• **ABOUT THIS TASK**: The reply must contain exactly the lines below from the one with "Du mardi au" down to the one with "6:1 | 2:1 | 4:0 |", both included, and nothing more; please omit the pictures.

• **SUPPLIED INFORMATION**:
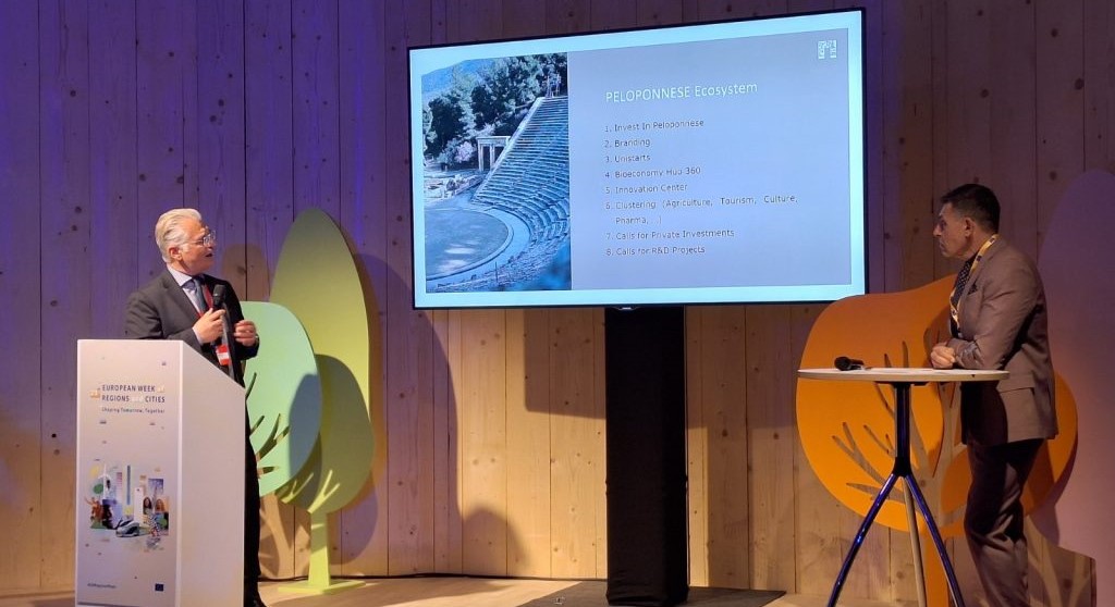 Με μια ομιλία ουσίας και ευρωπαϊκής προοπτικής, ο Περιφερειάρχης Πελοποννήσου Δημήτρης Πτωχός παρουσίασε στις Βρυξέλλες, στο πλαίσιο της Ευρωπαϊκής Εβδομάδας Περιφερειών και Πόλεων 2025, το εμβληματικό έργο «Ανάπτυξη Δομών Υποστήριξης της Καινοτομίας και της Επιχειρηματικότητας στην Περιφέρεια Πελοποννήσου».
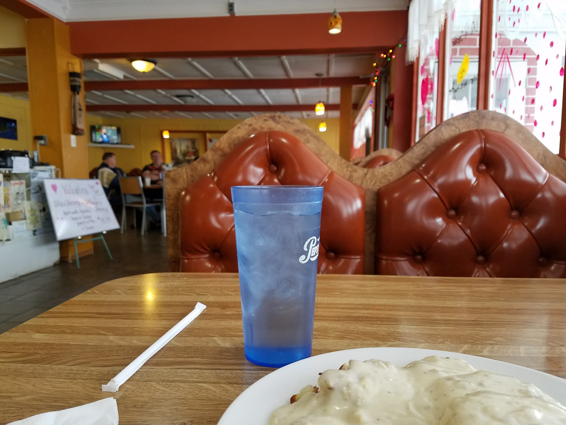 Ā Ā Ā Read moreThought this would be a neat little home town place but it could use some updates. Some men were discussing town issues and one was rather loud and vocal concerning his displeasure which was interesting. The food is not the best in town as the sign out front indicates. My husband had fried fish which āmehā.I had a turkey Manhattan and with the first bite was very disappointed. Since Iām not a picky eater, I truly tried to eat it. The turkey was very generic slices and I managed to eat it but the gravy was nasty. The mashed potatoes were disgusting as well. They tasted old like they had been in the freezer, thawed then heated in a microwave! Needless to say I left a full plate of bread, gravy and potatoes. I mean how can mash potatoes be so messed up? I would not recommend that restaurant at all. Robert Irvine would blast them for such...
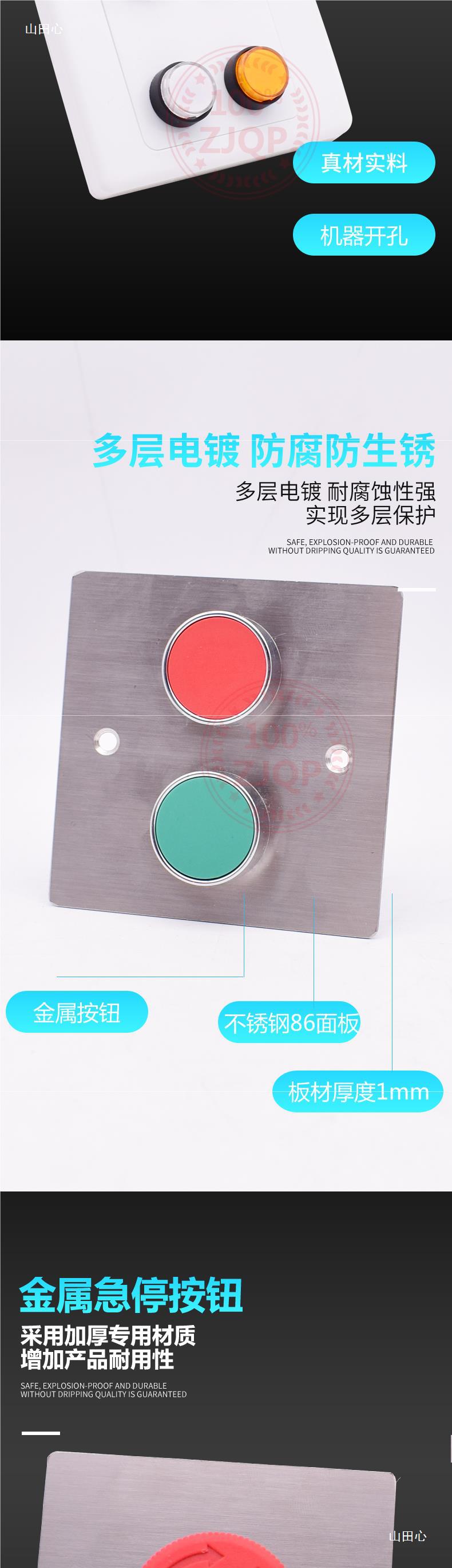 유형 86 푸시 버튼 스위치 비상 팬 벽 시작-정지 멀티 채널 제어 중지 오프 사이트 박스 시작 스테인레스 스틸 패널
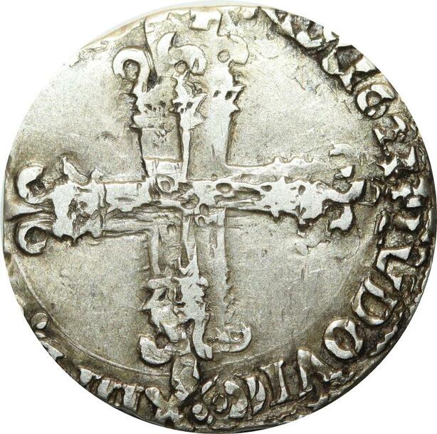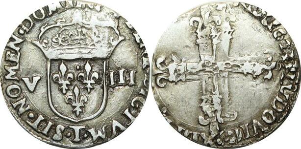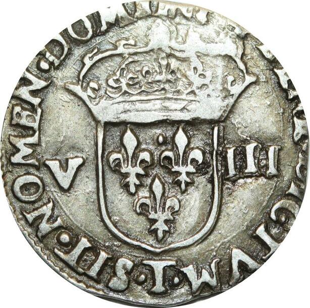 O9721 Rare R3 France Double Frappe 1/8 Ecu Louis XIII 1623 T Nantes Argent
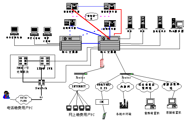 根據(jù)公司業(yè)務(wù)系統(tǒng)的組網(wǎng)方式,提供合適的解決方案,滿足需求,采用全省集中方式,具有以下特點(diǎn):省中心建設(shè)語音處理系統(tǒng)和付費(fèi)平臺(tái)業(yè)務(wù)系統(tǒng)集中在省中心;完全集中管理;完全支持全省漫游繳費(fèi);全省設(shè)備投資較少。
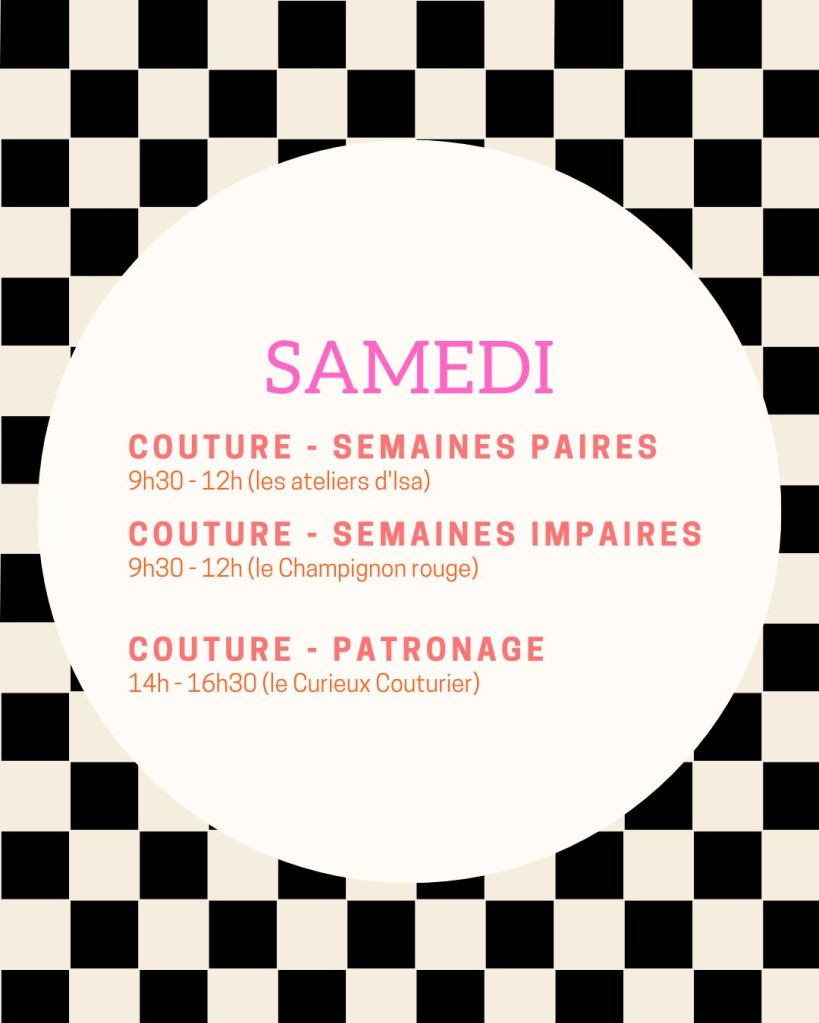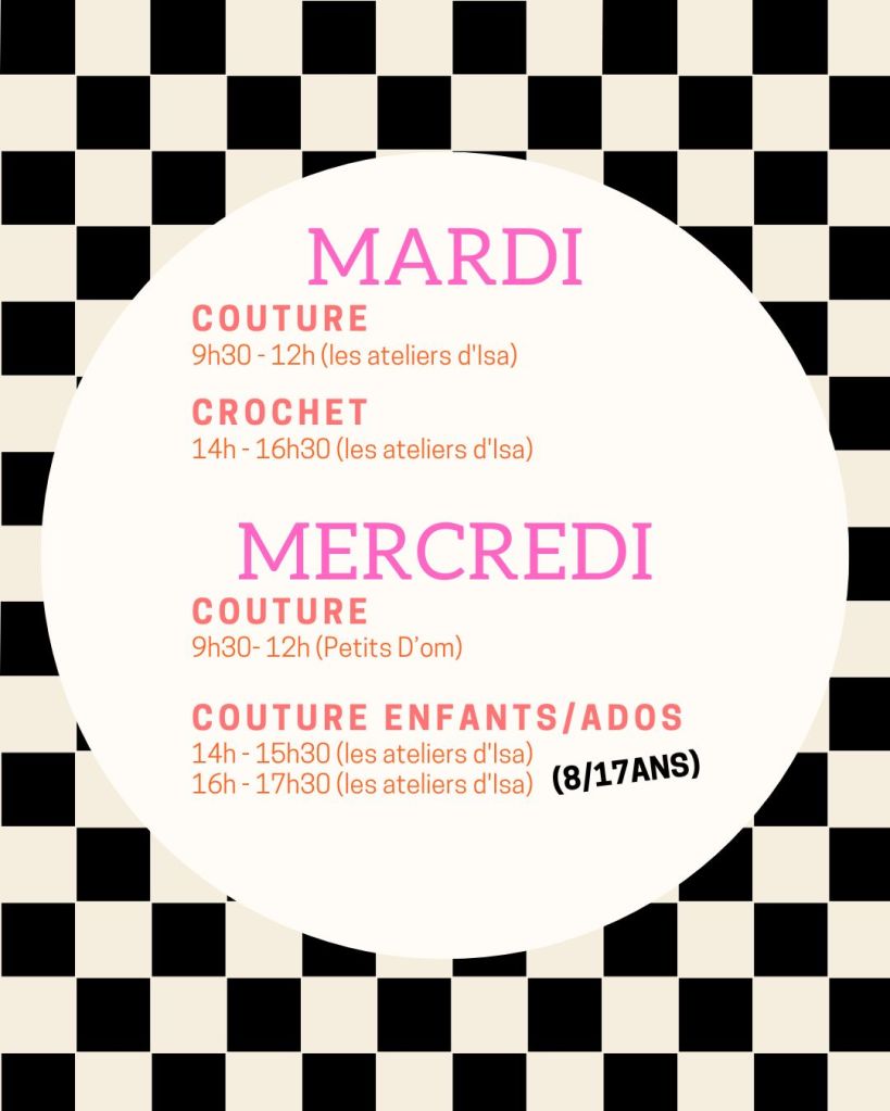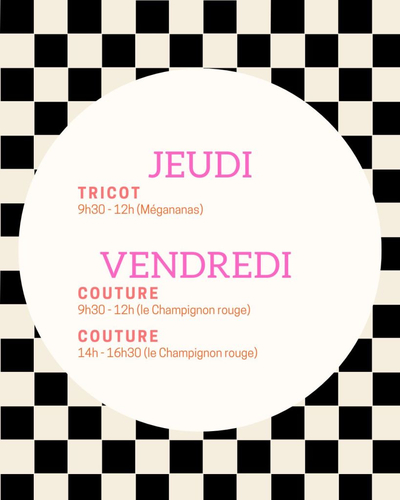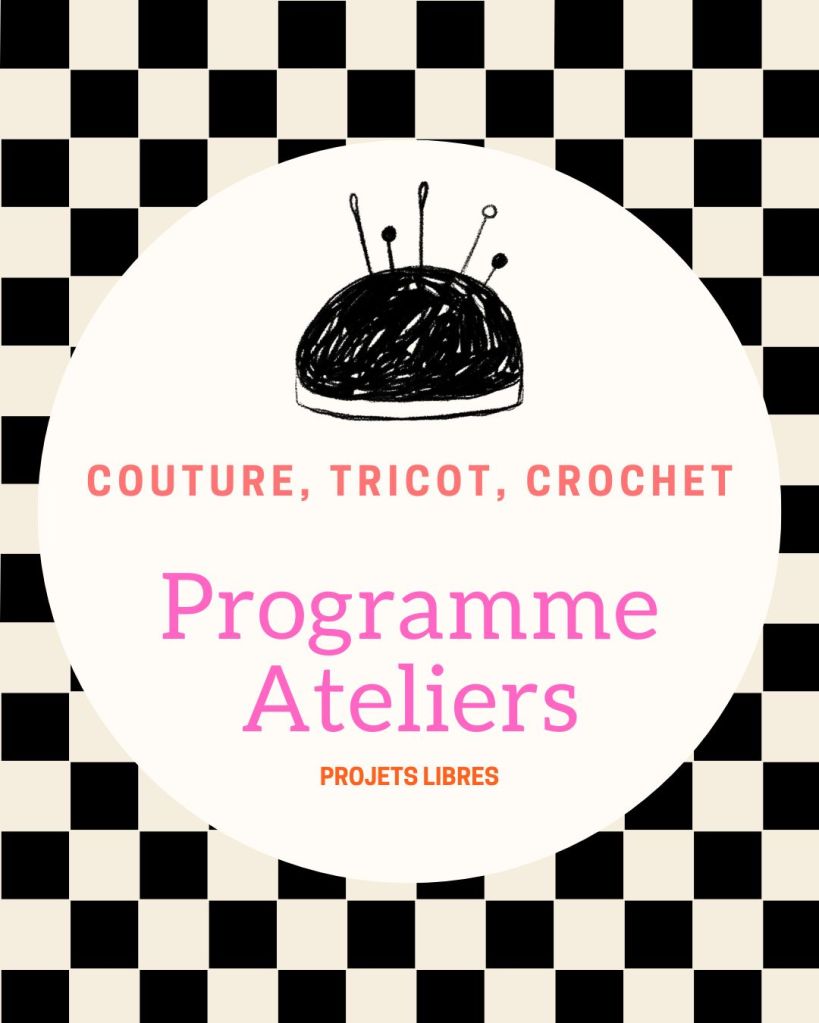 Du mardi au samedi, différent(e)s intervenant(e)s seront présent(e)s sur des plages entre 1h30 à 2h30, en cours collectifs ou individuels dans un espace atelier aménagé où vous pourrez venir tricoter, crocheter ou coudre avec votre machine ou profiter de machines mises à disposition.
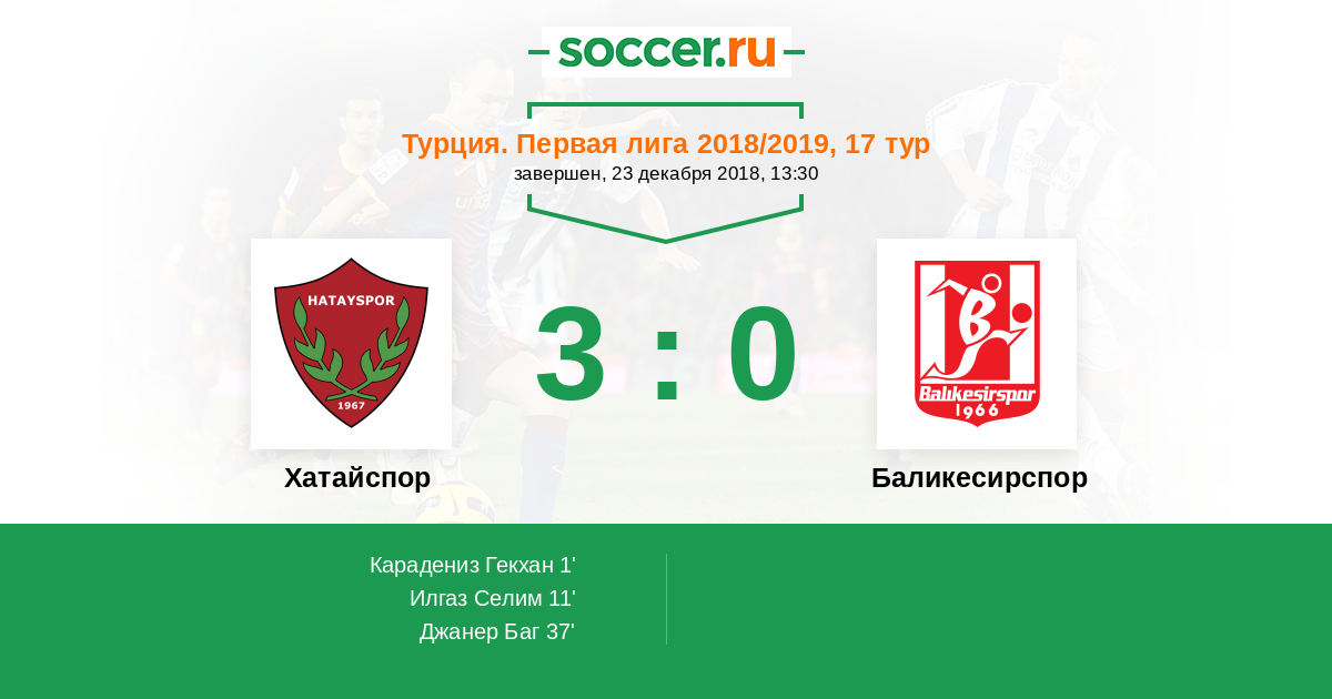 | Хатайспор | 6:1 | 2:1 | 4:0 |
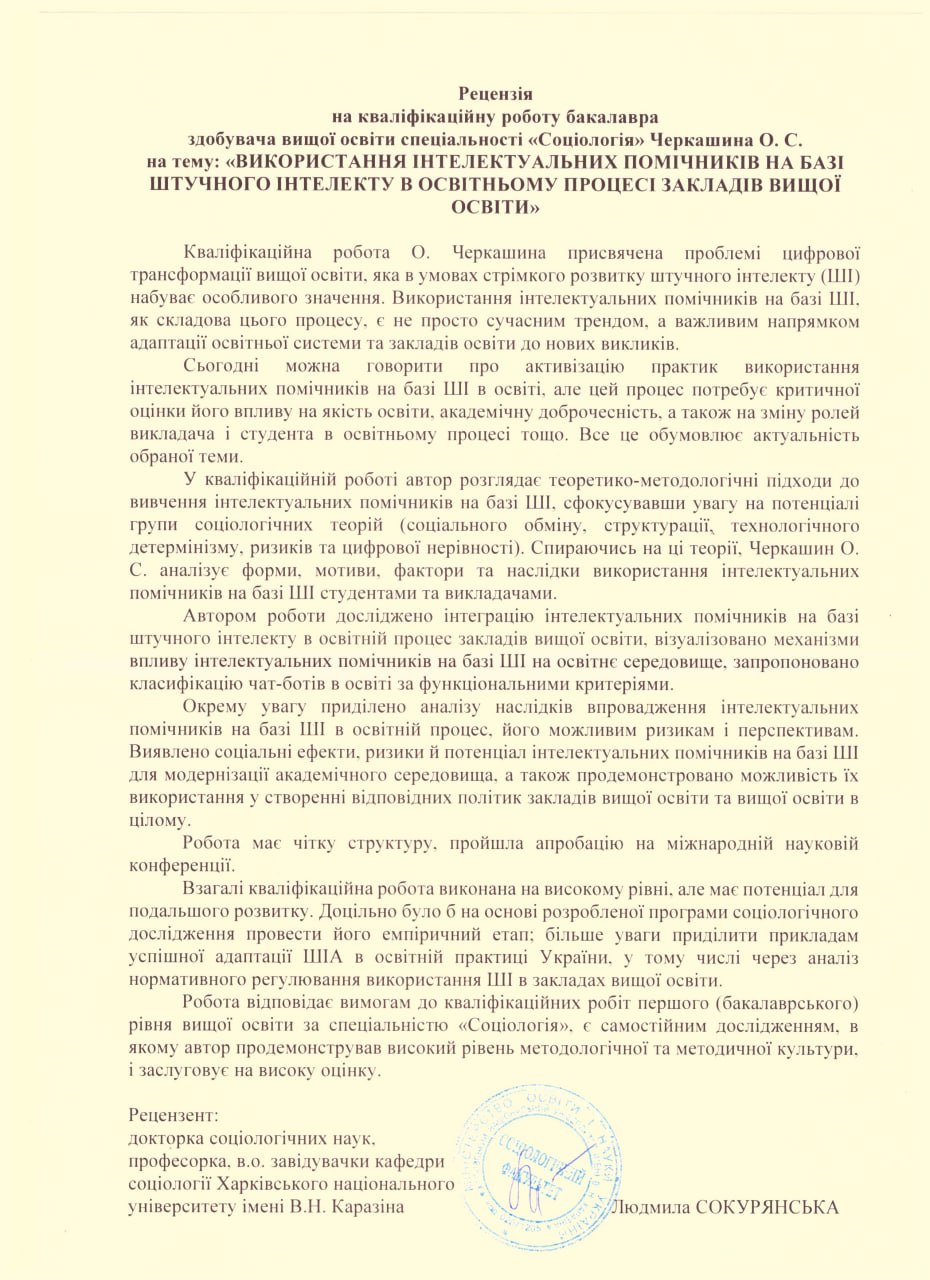 | Краткий осмотр (реферат): | У кваліфікаційній роботі досліджено інтеграцію інтелектуальних помічників на базі штучного інтелекту (ШІА) в освітній процес закладів вищої освіти. Використовуючи соціологічні теорії соціального обміну, структурації, технологічного детермінізму, ризиків та цифрової нерівності, проаналізовано формати, мотиви, фактори та наслідки використання ШІА студентами та викладачами. Візуалізовано механізми впливу ШІА на освітнє середовище, запропоновано класифікацію чат-ботів в освіті за функціональними критеріями. На основі вторинного аналізу міжнародних досліджень виявлено соціальні ефекти, ризики й потенціал ШІА щодо трансформації академічного середовища, а також можливість їх використання у формуванні політик вищої освіти. |

• **RESPONSE TO THIS EXERCISE**:
 Du mardi au samedi, différent(e)s intervenant(e)s seront présent(e)s sur des plages entre 1h30 à 2h30, en cours collectifs ou individuels dans un espace atelier aménagé où vous pourrez venir tricoter, crocheter ou coudre avec votre machine ou profiter de machines mises à disposition.
 | Хатайспор | 6:1 | 2:1 | 4:0 |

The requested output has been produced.